Rispondiamo volentieri all’intervento dell’amico Silvano Jommi.Il nostro comunicato stampa sulla Simonetti è di ordine e carattere politico. In questo senso si chiarisce quanto segue: il “vecchio” progetto Simonetti denominato “Parco commerciale modello “Corridomnia” è totalmente diverso da quello che oggi viene presentato dalla Simonetti, soggetto che con l’approvazione del vecchio progetto poteva procedere già da tempo alla sua realizzazione ma questo non è avvenuto.Quindi non viene leso nessun diritto. Per trasparenza, inoltre, non sono state mai pubblicate e portate a conoscenza le “ingenti somme di danaro” come acconto sugli oneri di costruzione si parlò, ai tempi, di 350.000 Euro. L’unica cosa certa è che al Comune fu “donata” da Simonetti la diroccata Chiesa accanto al Pozzo, Chiesa che il Comune dovette ristrutturle a proprie spese.Il nuovo progetto, non quello vecchio, che sarà presentato in Consiglio è totalmente nuovo ed invadente, dunque il Consiglio potrà liberamente approvarlo o respingerlo, senza paventate lesioni di diritto. Se di diritto si deve parlare, questo appartiene al vecchio progetto e alla vecchia lottizzazione, tant’è che come viene scritto “furono pagate ingenti somme”.Ripetiamo ancora in modo elementare: se la Simonetti aveva acquisito nel vecchio progetto un diritto, poteva subito realizzarlo. Si ribadisce, ancora, che la pianificazione urbanistica del territorio spetta esclusivamente al Consiglio comunale libero di accettare o no i nuovi progetti che gli vengono proposti. ( Luigi Carelli Guido Garufi per “Noi Moderati”.
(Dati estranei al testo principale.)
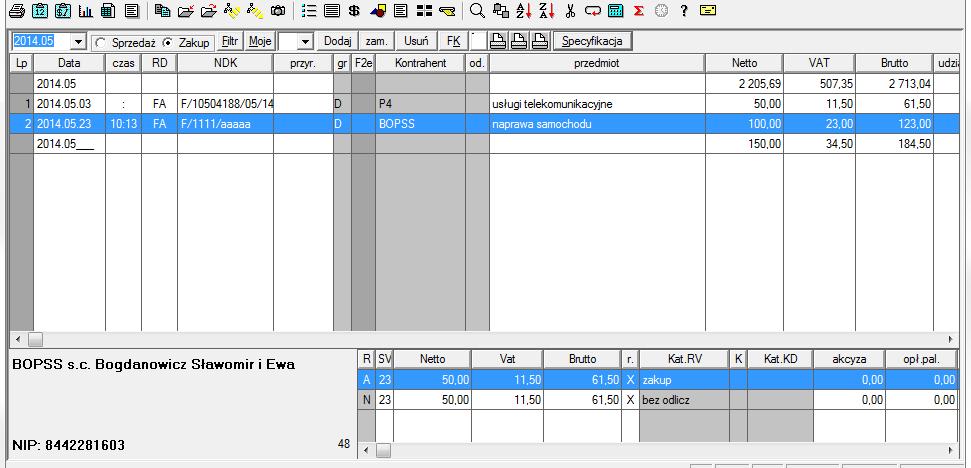 W maju dodałem faktury zakupowe, które w sumie dały 157,87 podatku VAT w kategorii A i 98,09 w kategorii N

L’assessore Iommi sembra citare l’approvazione del PUMS da parte della precedente amministrazione come certificazione della “intangibilità” della lottizzazione Simonetti. Vista la mia conoscenza di quel percorso mi sento di considerare questa valutazione del tutto infondata. Contrariamente a quanto afferma l’assessore infatti nessuna delle prescrizioni di mobilità sostenibile presenti nel PUMS poggiava la sua validità sulla presenza o meno della struttura commerciale che veniva inclusa nella parte finale del documento, insieme ad ad altri possibili insediamenti, per considerarne l’eventuale impatto sulla mobilità automobilistica. Il tutto per rendere il documento utile alle future decisioni anche in presenza di questi possibili scenari. Il Pums è infatti, come spiegammo allora, un documento strategico e non di pianificazione operativa. E credo che l’assessore Iommi capisca bene quale sia la differenza. A chiusura vorrei esprimere il mio stupore nel leggere che proprio l’assessore considera il PUMS ” un documento strategico fondamentale per la mobilità sostenibile della città” visto che l’Amministrazione di cui fa parte lo ha esplicitamente messo in un cassetto ignorandone ogni proposta, se non facendo esattamente il contrario come, ad esempio, nel caso dell’intervento di rigenerazione di Piazza Garibaldi.
Le cose sono due, o il commento di silvano iommi mira a mettere le mani avanti per motivi tenuti nascosti alla cittadinanza perché hanno deciso di assecondare la Simonetti SPA oppure, Mario Iesari non scrive il vero. Ho una mezza idea che sia gia’tutto deciso. Il cemento fa’ girare denaro questo e’ovvio.